COLORADO, USA — Colorado is on fire.
The 2020 fire season has been one of the most destructive and longest fire seasons in Colorado history. While there are many factors that may be contributing to this, experts say wildfires will impact where people live in our state and how new homes are built.
Over the past couple of months, we’ve been covered in smoke, watched homes burn and wondered what made this fire season so bad.
"This summer we’ve essentially been choking on a piece of climate change because our fires have been so big and so intense over very long periods of time," said Jennifer Balch, the director of Earth Lab at the University of Colorado Boulder. "Can we expect more fire seasons like this? Yes, absolutely. That’s what our predictions show."
As fires destroy homes, many will rebuild in the same areas. Balch says we need to rebuild smarter.

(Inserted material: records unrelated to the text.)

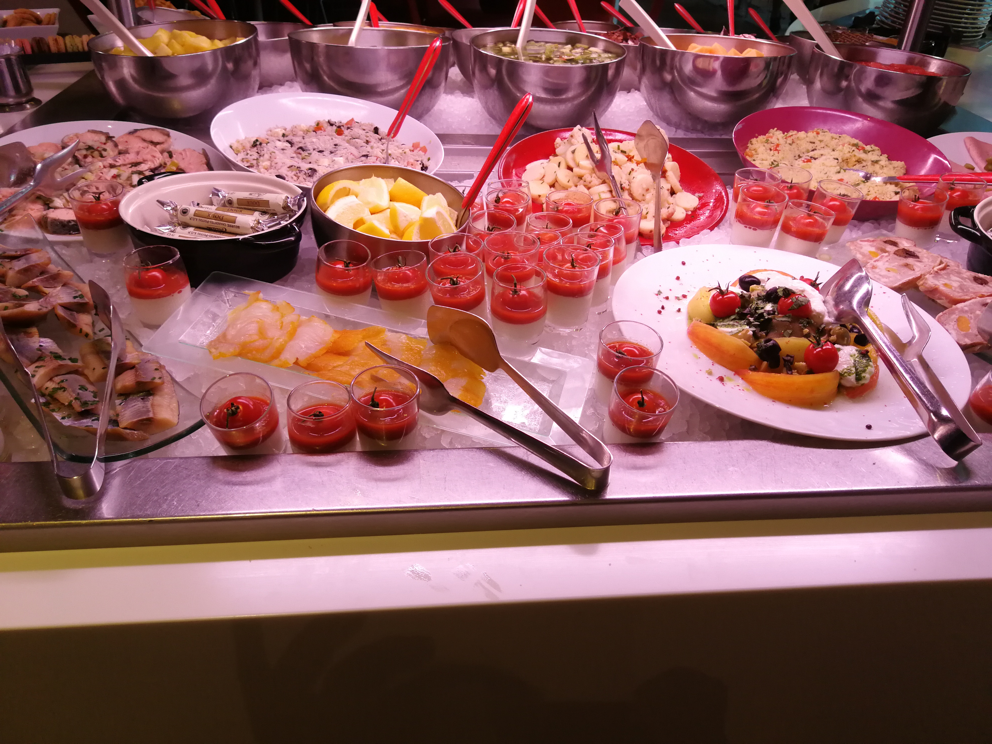 Extrêmement déçue par le buffet : charcuterie et salade en entrée, trois fromages, quelques fruits et quelques verrines en dessert. Rien n'a l'air frais, plutôt sorti du supermarché d'à côté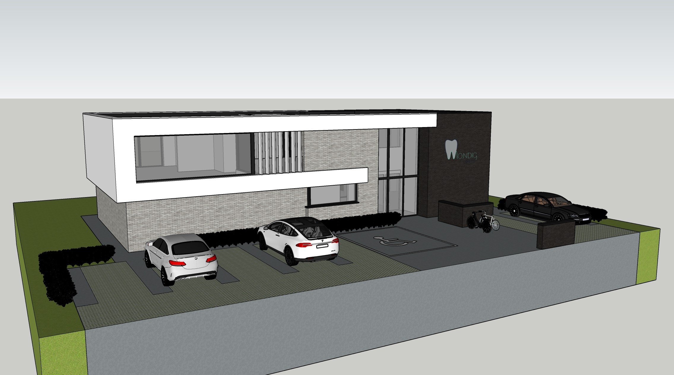 Deze strakke en moderne nieuwbouw herbergt een tandartspraktijk met een ondergrondse polyvalente ruimte.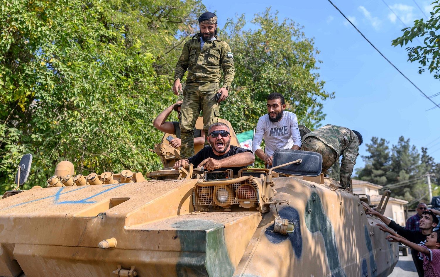 Turkey-backed Syrian National Army (SNA) fighters drive in Sanliurfa, on October 18, 2019. Photo: AFP / Bulent Kilic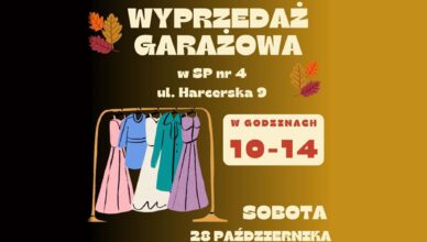Po sukcesie ostatniej wyprzedaży garażowej, zapraszamy na kolejną, która odbędzie się najbliższą sobotę, 30 września 2023 r. w godzinach 9.00 do 14.00 w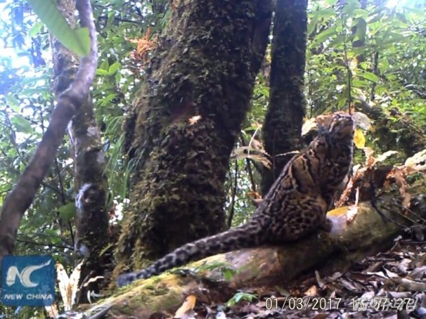 중국의 한 자연보호구역에서 마블고양이의 모습이 포착됐다.[사진=New China TV Youtube 캡쳐]

"We will continue to put homes in harm's way, but we better do it in a smarter way because otherwise, we are just setting ourselves up to increase the risk to lives and homes," said Balch. "Why don’t we use road networks as fire breaks around our neighborhoods? Why don’t we reduce the fuels and trees around our homes that are flammable?"
She offers up some suggestions that could help limit wildfires in heavily populated areas and help contain the growth of large blazes. Balch said that if we focus on rebuilding in a more fire-wise way, people can live more sustainably and safely in Colorado without having to worry as much about large wildfires. That includes where neighborhoods are built and how they're designed.
"We have flood plane maps, but why don’t we have fire escape maps that help to better direct development and insurance decisions," Balch said. "We can build homes that are more fire-resistant. It costs the same today to build a fire-resistant home as it does to build one that’s more traditional."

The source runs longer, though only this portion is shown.